Study Title: IMPAACT 2005 - Phase I/II Open-label, Single-Arm Study to Evaluate Pharmacokinetics (PK), Safety, and Tolerability of Delamanid (DLM) in Combination with Optimized Multidrug Background Regimen (OBR) for Multidrug Resistance-Tuberculosis (MDR-TB) in HIV-infected and HIV-uninfected Children with MDR-TB
- To evaluate the Pharmacokinetics (PK) of Delamanid (DLM), when added to OBR in HIV-infected and HIV-uninfected children at doses determined to most likely achieve exposures similar to those achieved in adults with 100 mg twice-daily.
- To evaluate the safety of DLM, when added to OBR over 24 weeks of treatment.
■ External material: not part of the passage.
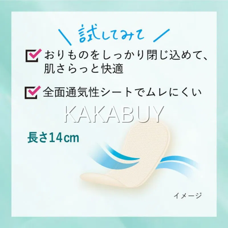 日本KAO花王 LAURIER乐而雅 银离子消臭抑菌卫生护垫 清新薄荷香 14cm*62片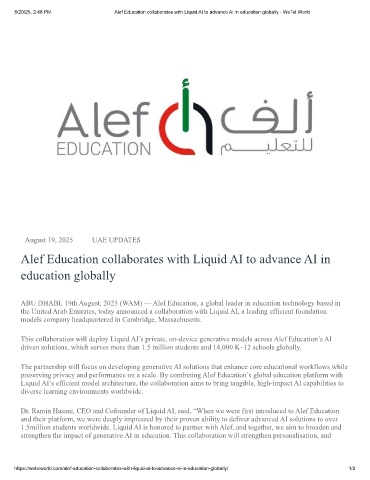 8/20/25, 2:48 PM Alef Education collaborates with Liquid AI to advance AI in education globally - WeTel World

- To assess the contribution of dose, age, HIV co-infection and/or co-treatment to the variability in DLM drug disposition, using population PK modeling.
- To evaluate the acceptability and tolerability of DLM over 24 weeks of treatment.
- To assess the long-term safety of DLM over 72 weeks following treatment initiation.
- To characterize the TB treatment outcomes among enrolled participants.
Study Design: This is a Phase I/II open-label, single-arm, PK and safety study. The study will involve four age cohorts (based on age at enrollment):
- Cohort 1: Ages 12 to <18 years: adult formulation.
- Cohort 2: Ages 6 to <12 years: adult formulation.
- Cohort 3: Ages 3 to <6 years: pediatric formulation.
- Cohort 4: Ages 0 to <3 years: pediatric formulation.
- Globally: approximately 48 subjects.
- Botswana: approximately 12 subjects to be enrolled (Gaborone and Molepolole).
The participants are HIV-infected and HIV-uninfected infants, children, and adolescents less than 18 years of age with confirmed or probable MDR-TB.
Study Status: Currently On-Hold, Ongoing
Study Duration: 3.5 years
- National Institute of Allergy and Infectious Diseases (NIAID).
- The Eunice Kennedy Shriver National Institute of Child Health and Human Development (NICHD).